Nous espérons que SLICES, que je coordonne et qui vient de rentrer dans la feuille de route 2021 de l'ESFRI, permettra de consacrer l’excellence et la capacité de Sorbonne Université à jouer ce rôle sur un thème dont l’impact en termes de formation, de dimension économique et sociale et de souveraineté est essentiel.
SLICES (Scientific Large-scale Infrastructure for Computing/ Communication Experimental Studies (SLICES)
SLICES a pour mission de déployer une plateforme informatique virtualisée, distribuée et complétement programmable conçue pour soutenir la recherche expérimentale à grande échelle axée sur les protocoles Internet, les technologies radio (5G, 6G), les services, l’internet des objets, l'informatique parallèle et distribuée.

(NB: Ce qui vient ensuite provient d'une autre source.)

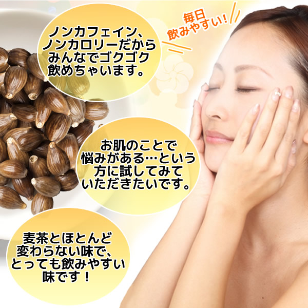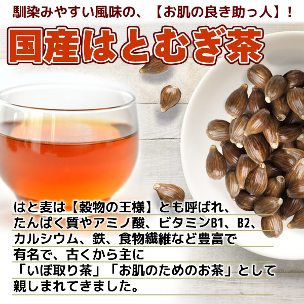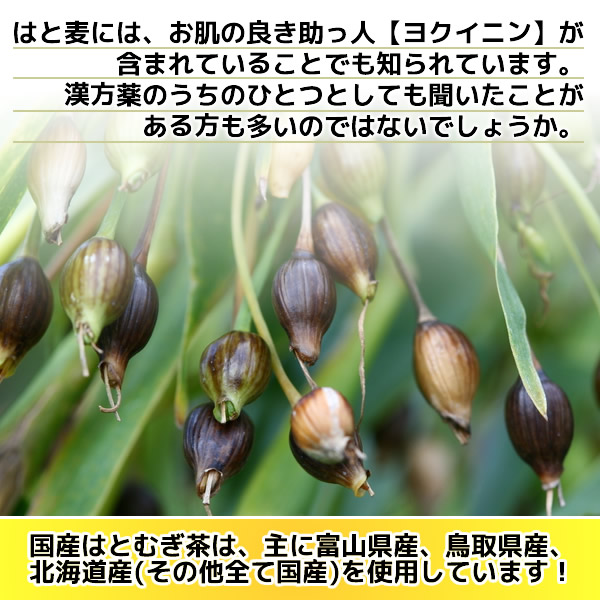 はと麦は【穀物の王様】とも呼ばれ、たんぱく質やアミノ酸、ビタミンB1、B2、カルシウム、鉄、食物繊維 などが豊富で有名で、古くから親しまれてきました。 はと麦には、健康維持の良き助っ人【ヨクイニン】が含まれていることでも知られています。 聞いたことがある方も多いのではないでしょうか。 麦茶とほとんど変わらない味で、とっても飲みやすい味です。 |
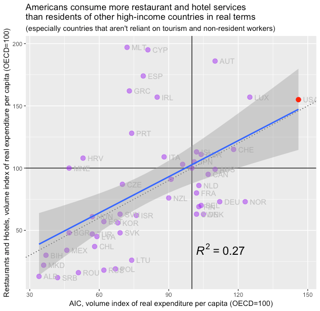 Likewise, amongst the OECD, we spend less than most on food as a share of total consumption (AIC) and consume more than most real terms (not necessarily measuring calories), and this isn’t even factoring meals at outside the home (where the US is clearly exceptionally high)!

SLICES apportera une contribution fondamentale à la recherche et à l'innovation en sciences du numérique et en particulier dans le domaine des infrastructures numériques, fondamentales pour le fonctionnement et le développement de nos sociétés. Il contribuera également à l'agenda européen pour relever les défis sociétaux, et en particulier, la double transition numérique et écologique.
L’instrument sera distribué en Europe, le nœud central étant localisé en France. Une coordination est également discutée au niveau international, en particulier, avec des initiatives similaires aux États-Unis et en Asie.